A.R.: The report mentions the Algarve’s discreteness and authenticity. Does this help the property market?

A.C.: The Algarve is not a mass tourism destination. It’s all about scale: the Algarve is about 10% of the size of the Costa del Sol. The region has a boutique scale, which brings the opportunity for a higher market positioning. Relatively speaking, the environment has been preserved, particularly in the Eastern Algarve, and that is quite rare in the European development environment.

A.R.: The report mentions some new resorts, including The Keys and Ocean View. Is this a turning point for the Algarve?

A.C.: A number of turning points have happened for the Golden Triangle and Quinta do Lago over the last three years. There has been a phenomenal investment with the Conrad Hotel and now with The Keys. Quinta do Lago is beginning to take advantage of the return of the market. This was one of the places in Europe in the 1980s and 90s. And it’s happening again. This is very positive because it attracts a different profile of tourists, who will see it, experience it for themselves, and then buy property.

A.R.: Has the Vale do Lobo scandal affected the image of the Algarve property market?

A.C.: The question is, to what extent has the situation become common knowledge in key source markets. I would like to think that large newspapers such as The Guardian are not focusing on that story. But it’s not positive either, and the sooner it is resolved the better.

A.R.: Do you believe that this positive market trend is set to continue?
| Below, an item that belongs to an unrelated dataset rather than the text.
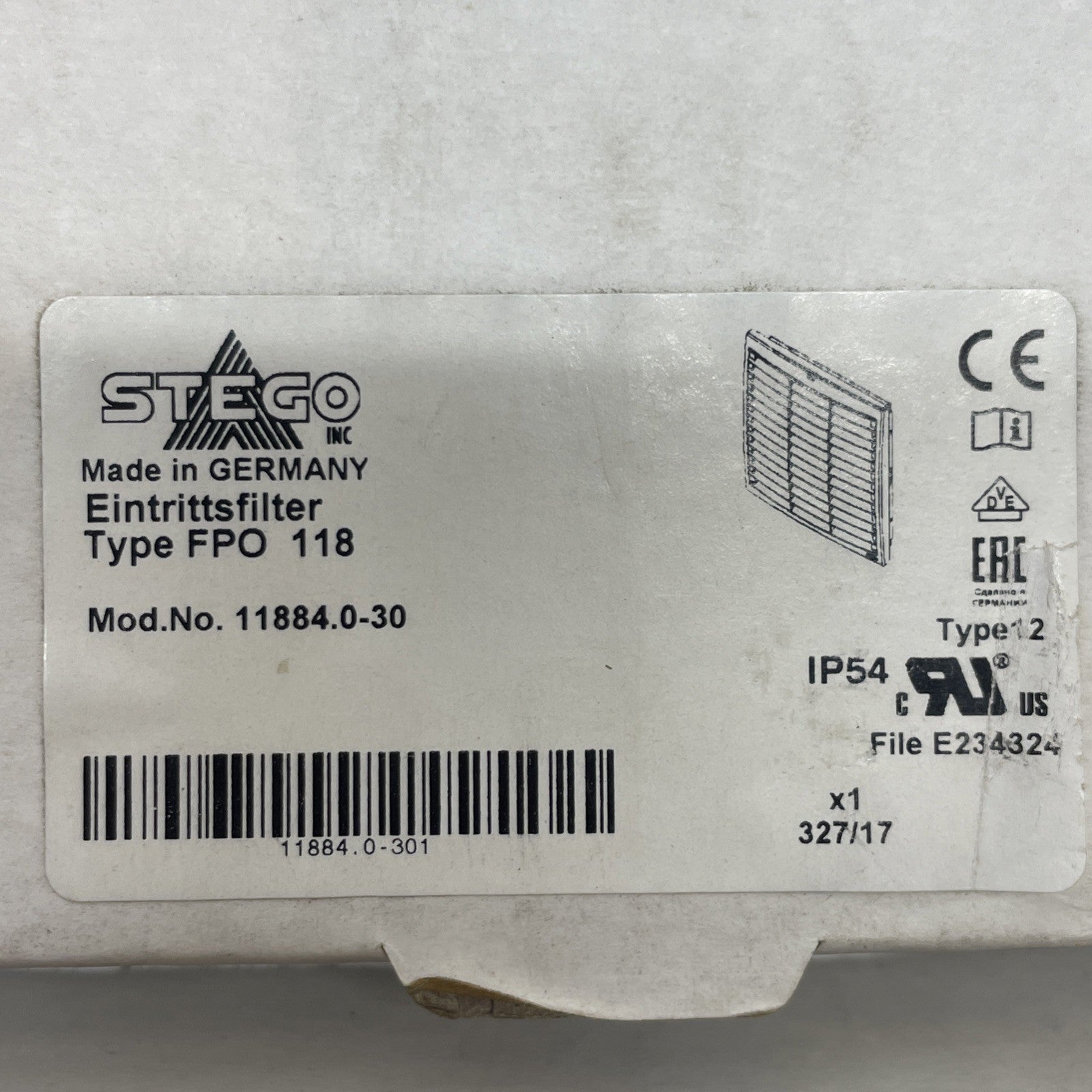 New Stego 11884.0-30 Vent for OUT Filter Fan 322mm X 322mm X 25mm FPO 118

A.C.: We have to think about how sustainable this momentum is. The UK has been a primary market for the Algarve for decades. There are new markets now and what you have to do is take your hat off to the Portuguese government for creating these programmes. They are serving their purpose and attracting investment. There is no reason to think this will cease. Also, we have to consider the power of word of mouth, because when clients go back home for six months they create a new dynamic just by talking about the country, what they ate, what they saw… I believe the same thing has happened in China. If we have 5,000 Swedish and French buyers, they will be talking about Portugal to at least 5,000 people when they go back home – it’s the power of word of mouth. That is very positive and will keep this dynamic going.

The ILM Group specialises in providing strategic advisory, development and asset management services for the international hospitality, leisure, tourism and heritage sectors.